Bitcoin's numerous innovative features allow it to compete fiercely with the current monetary system. First, the 21 million unit limit guarantees that Bitcoin is a finite asset, shielding it from potential inflation and providing a long-term monetary stability. In addition, Bitcoin's decentralization makes it resistant to censorship, which means that Bitcoin is not controlled by any entity and is not manipulated by any government or individual, providing stability and financial freedom to its users. However, Bitcoin's price volatility is also a factor hindering its adoption. Although price volatility will gradually decrease over time and will continue to decrease as Bitcoin's valuation increases and adoption increases, price volatility remains an obstacle to overcome for most people to fully embrace Bitcoin as an alternative to the traditional monetary system. Today, more than 400 million people are using cryptocurrency, which is about 5% of the global population. Usage varies from person to person, but it mostly depends on their quality of life.
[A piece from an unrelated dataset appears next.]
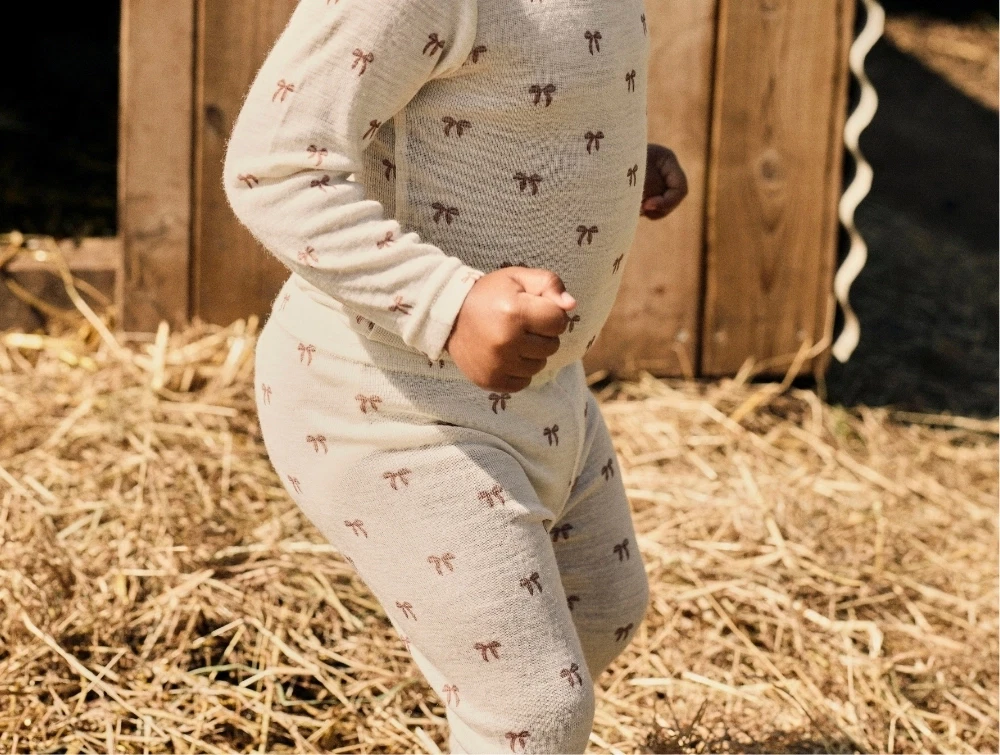 Mere information om Lil' Atelier leggings turtledove melange i uld/modal med sløjfeprint

1. In 2021, El Salvador became the first country in the world to accept Bitcoin as legal tender. El Salvador now has two currencies: the US dollar and Bitcoin.
The adoption of Bitcoin has brought two main benefits to the population.
First, it gives 70% of unbanked people access to a Bitcoin address that is safer and more efficient than cash.
Second, more than 22% of El Salvador's GDP comes from abroad, from immigrants (mostly in the United States), who send money to their families, pay huge transaction fees (20% to 50%), and take days to complete. Bitcoin is a way to send money instantly for just a few cents.
2. In Iran, Bitcoin has become an important financial instrument in the face of severe inflation and international sanctions. As the Iranian rial faces a significant depreciation, Bitcoin offers stability and a hedge against inflation.
Bitcoin enables Iranians to bypass sanctions restrictions on the banking sector, conduct international transactions, and access global markets. In addition to its financial uses, Bitcoin represents a form of digital freedom and a silent protest against government control, reflecting a shift towards a culture of autonomy.
As a result, Bitcoin has become a symbol of the resilience, innovation, and empowerment of the Iranian people in a challenging economic environment.
Bitcoin significantly facilitates international transactions, avoids excessive control by certain governments, and more. In conclusion, Bitcoin offers several advantages over traditional banking systems, including greater security, lower transaction fees, censorship resistance, greater privacy, and global accessibility. Bitcoin transactions are also irreversible, which means that chargeback fraud is impossible. In addition, Bitcoin users don't need a traditional bank account to send and receive payments, which provides more financial services to millions of people around the world who don't have a traditional bank account.